General characteristics
- Class & type: Palmer three funnel, 30 knot destroyer
- Displacement: 390 long tons (396 t) standard; 420 long tons (427 t) full load;
- Length: 219 ft 9 in (66.98 m) o/a
- Beam: 20 ft 9 in (6.32 m)
- Draught: 8 ft 11 in (2.72 m)
- Installed power: 6,000 shp (4,500 kW)
- Propulsion: 4 × Reed water tube boilers; 2 × vertical triple-expansion steam engines; 2 shafts;
- Speed: 30 kn (56 km/h)
- Range: 80 tons coal; 1,490 nmi (2,760 km) at 11 kn (20 km/h);
- Complement: 60 officers and men
- Armament: 1 × QF 12-pounder 12 cwt Mark I L/40 naval gun on a P Mark I low angle mount; 5 × QF 6-pdr 8 cwt L/40 naval gun on a Mark I* low angle mount; 2 × single tubes for 18-inch (450mm) torpedoes;

= HMS Flying Fish (1897) =

Destroyer of the Royal Navy

HMS Flying Fish was a Palmer three funnel, 30 knot destroyer ordered by the Royal Navy under the 1896 – 1897 Naval Estimates. She was the tenth ship to carry this name.

==Construction==
Flying Fish was laid down on 9 August 1896 at the Palmer shipyard at Jarrow-on-Tyne and launched on 4 March 1897. During her builder’s trials she made her contracted speed requirement. She was completed and accepted by the Royal Navy in June 1898.

==Service history==
===Pre-War===
After commissioning she was assigned to the East Coast Flotilla of the 1st Fleet based at Harwich.

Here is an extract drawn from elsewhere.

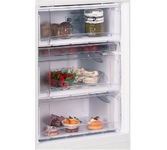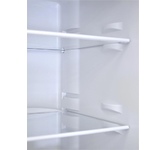 Двухдверный холодильник серии COMBI, морозильная камера снизу. No Frost, полезный объем 237 (182+55) литров, А+ класс, 42 дБ, R600а, N-ST, LED подсветка, потребление энергии 256 кВт/год, мощность замораживания 2,5 кг/сутки. Холодильное отделение: 3 полки из стекла, 3 боковых полки, 1 большой ящик для овощей и фруктов. Морозильное отделение: 2 выдвижных ящика, 1 лоток с легким доступом. Вес нетто и брутто 51 и 55 кг, цвет белый. Регулируемые ножки, перенавешиваемые двери, интегрированные ручки.

She served in the Portsmouth instructional flotilla under the command of Commander Morgan Singer until early January 1901. On 16 December 1901 Flying Fish was re-commissioned by Lieutenant Hugh Percival Buckle for service on the Mediterranean Station, as tender to the battleship . After leaving Devonport for her commission in February 1902, she encountered hard weather in the Bay of Biscay and was knocked about so that she started leaking, and had to port at Brest. She was sufficiently repaired to be able to return to Devonport for more extensive repairs in late February, and eventually arrived at Malta two months late on 16 April 1902. In September 1902 she visited the Aegean Sea with other ships of the station for combined manoeuvres near Nauplia.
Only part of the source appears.